Moreover, adoption of South's and Seal's construction of § 1466(a), under which repairs to their vessels could not under any circumstances have been dutiable in 1971, would impermissibly impute a useless act to Congress. That construction must therefore be viewed as unsound and rejected. See John B. Hewett Co. v. United States, 48 CCPA 24 (1960). If § 1466(a) would not have imposed duties at any time for repairs to any non-trading vessel, there would have been no need in 1971 for exemption and Congress' enactment of subsection (e) with its specific criteria must accordingly have been an unnecessary and thus a useless act. Hence adoption of that construction would require a total disregard of the court's function as described in Beaver Products Co. v. United States, 17 CCPA 434 (1930), accord, United States v. Corning Glass Works, 586 F.2d 822 (Cust. Pat. App. 1978), i.e., to harmonize statutory tariff provisions in such manner as to preserve each provision and to achieve the legislature's purpose.
South and Seal seek to extend the holdings in United States v. Western Operating Corp., 35 CCPA 71 (1947), and United States v. American Whaling Co., 38 CCPA 164 (1951), in which recognition was given to the special statutory treatment of whaling vessels under R.S. § 4339 (46 U.S.C. § 280). It was held that by virtue of that provision, whaling vessels were exempted from § 1466(a) regardless of documentation. Those decisions did no more than give effect to the express intent of Congress and cannot be read as precedent endorsing a general exemption for all non-trading vessels which hold documents entitling them to engage in foreign trade.
Finally, South and Seal say the Oceanographic Research Vessels Act (ORVA), 46 U.S.C. § 441-445, specifically § 443 (oceanographic research vessels not deemed engaged in trade), removes those vessels from the ambit of § 1466.
§ 443. Vessel not engaged in trade or commerce
An oceanographic research vessel shall not be deemed to be engaged in trade or commerce.

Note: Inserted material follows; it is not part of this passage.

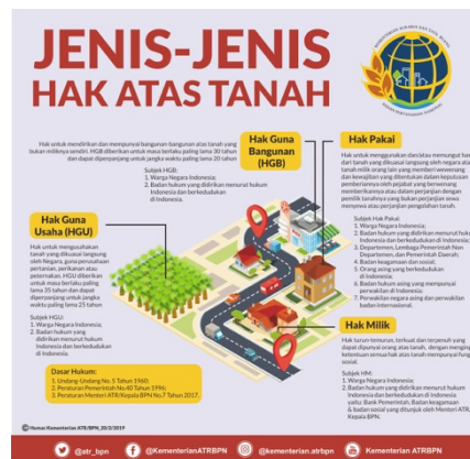
Figure 1. Twitter Post from Indonesian Ministry of Agrarian Affairs and Spatial Planning Official Account on February 20, 2019

Throughout Indonesian society there are still many lands which do not have legal titles or certificates yet. This program must therefore be implemented in order to avoid problems in different sectors, in particular in the economic sector. It was stated that in 2018 the government had distributed 7 million land certificates as targeted. The realization of the distribution of land certificates can certainly achieve the target because of the strong push. This is inseparable from the rules that are changed, such as updated technology. So that the bureaucracy in the agrarian ministry is getting better.

We disagree. Enacted to exempt research vessels from strict inspection and personnel protection laws mandated for commercial crews, ORVA relates to safety and personnel matters. It has been repeatedly held that statutes and regulations involving non-tariff matters, such as public safety, have no bearing upon statutes involving the assessment and imposition of duties. United States v. Mercantil Distribuidora, 43 CCPA 111 (1956); International Spring Mfg. Co. v. United States, 496 F. Supp. 279 (Cust.Ct. 1980), aff'd, 641 F.2d 875 (CCPA 1981); Pharmacia Laboratories v. United States, 609 F.2d 491, 493 (CCPA 1979). Further, the argument rests on the fallacy that § 1466(a) applies only to repairs of documented vessels actually engaged in trade. Lastly, because ORVA was enacted six years before the addition of subsection (e) to § 1466, the foregoing discussion of the effect of that addition on interpretation of § 1466(a) is equally applicable here, i.e., to hold that ORVA had exempted repairs to oceanographic vessels would be to render the later enactment of subsection (e) a useless act.
Because: (a) the statute provides for imposition of duties on repair of vessels documented to engage in foreign trade; (b) the vessels of South and Seal are so documented; (c) engagement or intended employment as non-trading vessels are considerations inapplicable to vessels so documented; (d) the vessels here involved do not meet the exemption criteria of § 1466(e); and (e) imposition of the present repair duties is consistent with the plain meaning of the statute and with its legislative history and purpose, the judgment appealed from must be and is affirmed.